But Anne and Eleanor had their own toilettes to make and paid no further attention to Barbara. She managed to remove some of the carmine, and pat down her hair, hot she could not do things as the French maid generally did them to add to her beauty. Feeling dissatisfied with her appearance made Barbara irritable, but she remained in the room criticizing everything the two other girls did or said. Then just before the horn sounded for supper, a knock came at the door.

"Come in!" called Anne, buttoning her white suede boots.

"'S onny me. Ah jes' wanta ast you-all ef it is right in city sassiety, fur a widder of six months' standin' t' go t' a party whar onny old frien's will be. Thar won't be no sky-larkin' er high-jinks, yo' know!"

Sary's anxious tone expressed her eagerness for a favorable reply to her query on widowhood. Eleanor looked at Anne to answer, so she took the initiative.

"Certainly, Sary—come right along and enjoy yourself."

Barbara was shocked. "The help's not going—surely!"
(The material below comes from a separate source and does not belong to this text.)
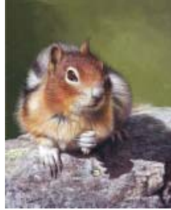
"Golden-Mantled Ground Squirrel"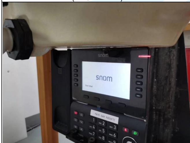
Top Side of EUT with 0 cm Gap (2.4GHz Wi-Fi)

"Humph! Miss Halsey ast me afore she mentioned you-all!" snapped Sary, quite able to defend herself against Barbara's pride.
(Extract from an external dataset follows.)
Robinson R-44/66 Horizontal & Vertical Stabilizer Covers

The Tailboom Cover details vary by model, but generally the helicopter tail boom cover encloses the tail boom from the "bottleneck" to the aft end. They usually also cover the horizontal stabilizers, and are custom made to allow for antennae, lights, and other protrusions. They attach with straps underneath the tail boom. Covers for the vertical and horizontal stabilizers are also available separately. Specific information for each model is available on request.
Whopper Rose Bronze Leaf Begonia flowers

"Oh, Bob doesn't mean it that way, Sary," said Eleanor, giving her sister a backward kick for silence.

"Of course not! Bob means that your mourning might prevent your attending the dance. But seeing we are all old friends from ranches round about, it will be like meeting your family," added Anne, the pacifist.

"Wall, then, Ah'll go," sighed Sary, as if loath to join a merry throng. "But Ah hez t' have a smitch of somethin' like-ez-how Miss Bob hez fer her shoulders, cuz my neck's gettin' scrawny now."